Он улыбнулся своей маленькой победе.
— Хорошо, я расскажу вам. Открою секрет дона Хуана. Вам, должно быть, приходилось слышать исповеди несчастных влюбленных?
— Тайна открытого на исповеди…
— Я не спрашиваю вас ни о каких тайнах. Считайте это риторическим вопросом. Своим величайшим счастьем, заставляющим их забывать и о боге, и обо всем остальном, эти влюбленные считают взаимность. А величайшим горем — следующий за этим счастьем разрыв. Для них он даже более болезнен, чем холодность, проявляемая с самого начала и не дающая пищи для ложных надежд… не так ли? Особенно когда он следует внезапно.
— Ну… пожалуй, что так.
— Так вот. Влюбленные — идиоты. Это, впрочем, азбучная истина, но я имею в виду несколько иной ее аспект. Они идиоты, потому что не понимают того, что понял я. Самое лучшее, самое изысканное, самое утонченное удовольствие дона Хуана… то, из-за которого я столь часто менял женщин и никогда не возвращался к прежним, хотя, возможно, многие были бы не прочь… это именно разрыв!
— Хотите сказать, что вам доставляло наслаждение бросать соблазненных вами женщин и тешиться их страданиями?
— Нет-нет! — рассмеялся он. — Все не так примитивно. Вам хочется представлять дона Хуана бессердечным чудовищем, но это не так. На самом деле я любил этих женщин. Любил каждую из них, и пользовался взаимностью. И чем сильнее была любовь — тем острее было наслаждение, когда я сам, по своей воле, разрушал ее.
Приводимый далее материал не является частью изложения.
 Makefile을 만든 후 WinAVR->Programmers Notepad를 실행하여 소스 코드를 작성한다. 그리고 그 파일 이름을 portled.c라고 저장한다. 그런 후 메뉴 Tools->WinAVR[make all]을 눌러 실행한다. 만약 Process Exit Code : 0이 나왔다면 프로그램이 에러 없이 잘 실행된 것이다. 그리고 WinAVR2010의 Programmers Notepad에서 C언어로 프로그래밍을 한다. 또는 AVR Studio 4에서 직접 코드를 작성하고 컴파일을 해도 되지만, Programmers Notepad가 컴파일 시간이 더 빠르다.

Разрушал сознательно, обдуманно, ни в коем случае не мгновенно — но с каждым шагом, с каждым словом вколачивая гвозди в ее гроб, упиваясь необратимостью своих действий. Да, именно так — оставляй я хоть один шанс на примирение из тысячи, все не имело бы смысла. Финал наступал по-разному… иногда бурные сцены, пару раз на меня даже бросались с кинжалом, иногда — светлая, тихая печаль, иногда — ледяная гордость… Бывало, что я и сам плакал, когда писал последнее письмо, исполненное гнева и презрения — но тем острее было наслаждение, лежащее уже за той гранью, где боль и упоение переходят друг в друга… Отчасти это сродни чувству, какое испытываешь, стоя на краю пропасти и желая прыгнуть вниз — но тут оно еще сильнее. Чувство полета, чувство падения… Романтики, утверждающие, что любовь сильнее смерти, в чем-то правы — в том смысле, что разрушать любовь приятнее, чем жизнь. Я не раз дрался на дуэлях и могу сравнивать.
— Подождите, вы хотите сказать, что вам нравилось именно уничтожать любовь? Или же вы находили наслаждение в том, чтобы страдать лично?
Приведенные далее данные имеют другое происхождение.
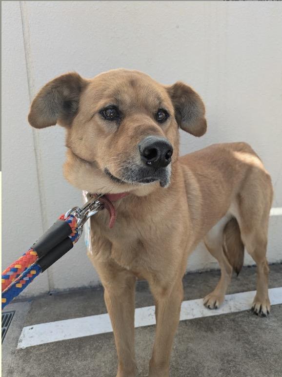 明るい茶色の毛並みがきれいな中型犬です。

— Нет. Не то и не другое. Карьера мученика меня никогда не привлекала, я же говорю, что был плохим христианином…
— Не кощунствуйте, — строго прервал его я, — смешивать святых мучеников с искателями греховных услад…
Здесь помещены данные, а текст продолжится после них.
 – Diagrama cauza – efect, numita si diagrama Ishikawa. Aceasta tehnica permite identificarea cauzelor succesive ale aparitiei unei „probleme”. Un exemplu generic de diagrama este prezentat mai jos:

— Да полноте, неужто ваш бог так слаб, что не может постоять за себя сам и нуждается в вашей защите? — ответил этот нечестивец, и тут же за окном сверкнула очередная молния и загрохотал гром. Однако даже столь явное знамение не смутило его, и он продолжал: — Я никому не позволил бы — и не позволял — причинить мне страдание. Мне не раз бросали вызов соперники, и я ни разу не отступил. Я сражался и побеждал. С другой стороны, хотя я неоднократно разрушал чужую любовь, завоевывая женщину для себя, мне это тоже не доставляло особого наслаждения. Не хочу сказать, что мне это было вовсе неприятно, но — то была лишь мелкая тактическая победа, необходимый шаг к главной цели. Главное же наслаждение заключалось в том, чтобы самому, по собственной воле и без всякого принуждения со стороны людей или обстоятельств, разрушить собственную любовь. Разрушить до того, как она пойдет на спад естественным путем — ибо, разумеется, вечная любовь бывает только в глупых стихах, которых я, впрочем, сочинил немало — оружие не менее действенное, чем шпага…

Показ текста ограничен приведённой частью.